During these trouble economic times (*drink), traffic is up on financial sites but ad revenue is down according to the International Herald Tribune.
The recent surge in interest in financial news was most immediately evident on the Internet. In October, the number of visitors to Web sites affiliated with The Wall Street Journal more than doubled, to 40.5 million, according to Dow Jones, which publishes The Journal. Other financial sites, like Yahoo Finance, have also shown big gains as worried investors click back again and again to monitor the decline in their portfolios.
CNBC, the business news television channel, said U.S. daytime viewership in the third quarter was up 26 percent from a year earlier. International audiences are harder to track, but CNBC said the number of e-mail messages from viewers in Europe, the Middle East and Africa grew by 180 percent in September.
Unfortunately, more traffic to sites doesn’t mean more revenue.
With advertising harder to come by, financial publishers are going directly to their readers for revenue. That is a reversal from the trend of recent years, in which more and more kinds of media content was made available free, supported by advertising.

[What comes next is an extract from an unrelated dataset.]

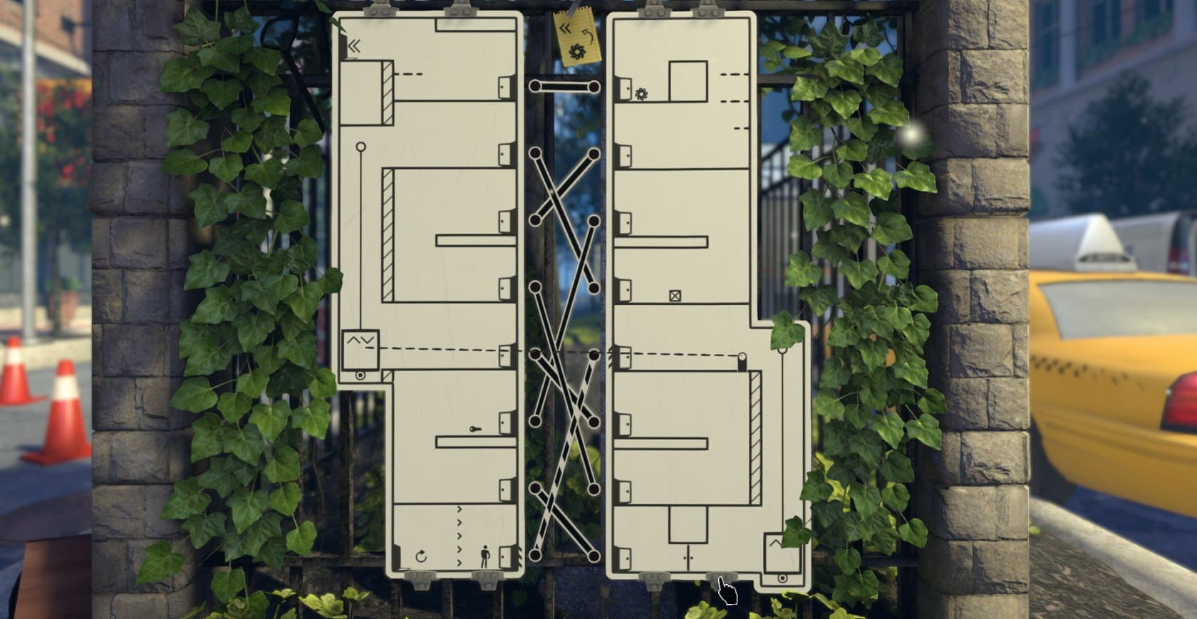 Игровой процесс в игре представлен в формате головоломок, которые происходят на территории различных локаций. В одном случае вы будете выбираться из табличек, которые расположены на строительной площадке, затем вы переместитесь на обычную улицу и т.д. Основные действия будут происходить на табличках, где можно будет взаимодействовать с дверьми, переходами и проводами. Постепенно головоломки будут усложняться, требуя правильного сочетания мелких деталей. В принципе, достаточно быть просто внимательным и стараться использовать все доступные предметы. Не упускайте из вида деталей, так как это в дальнейшем может ознаменоваться тупиком.
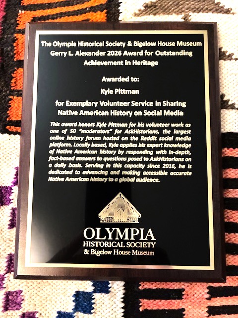 While his teaching for the Native Pathways Program is admirable enough, this award is about honoring Kyle’s voluntary work since 2016 as a “moderator” for the AskHistorians thread, or on-line “public history forum” on the Reddit social media platform. For those of you, like me, who are not familiar with Reddit, it is described as a “collection of diverse communities where users can discuss a wide range of topics, share content, and connect with others. These communities act like forums where users can post questions, share information, and engage in discussions related to that topic.” The AskHistorians thread, community, or “subreddit” as it is called, is one of the largest such communities on the platform with two million subscribers from across the globe. As stated on the home page, AskHistorians “aims to provide serious, academic-level answers to questions about history.” They have posted pages of rules and guidelines that support this aim and maintain the high standard of discussion AskHistorians has become known for.” Of Nez Perce heritage and raised on the Puyallup Reservation, Kyle’s expertise, education, and experience with Indigenous law, governance, and policy, makes him well-qualified to work as the only Native American moderator who often responds to questions touching on Indigenous history and culture in North America and handles moderation issues regarding these topics. Aside from teaching and writing 8 to 10 hours each week for AskHistorians, Kyle also moderates the Indian Country subreddit with 90,000 subscribers and which he describes as an “Indigenous-centric space for people to talk about Native American issues.” Devoting nearly 30 hours each week to AskHistorians and Indian Country, Kyle says “To me, its public service…It takes a lot of work to harness the benefits of an online media platform to have honest intellectual discourse.” He goes on to describe the site as a “controlled environment. We work from a set of values that we believe are good and positive. We embrace diversity, inclusivity, accessibility, speaking truth to power, and conformity to what is factual.”

Pearson, the publisher of The Financial Times, was already moving to lessen its exposure to advertising before the financial crisis intensified this autumn. It raised the price of The FT, sold newspaper holdings in Spain, France and Germany, and acquired businesses that rely on subscription fees, like Mergermarket, which reports on the mergers and acquisitions business Advertising has been reduced to less than a third of revenue at the FT Group, which includes The Financial Times, Mergermarket and other journalistic businesses, from more than 50 percent in 2000.
In other words, financial sites are getting the bulk of their income from subscription fees rather than advertising. Wonder if we’re see the Financial Times ditch print and switch to online only?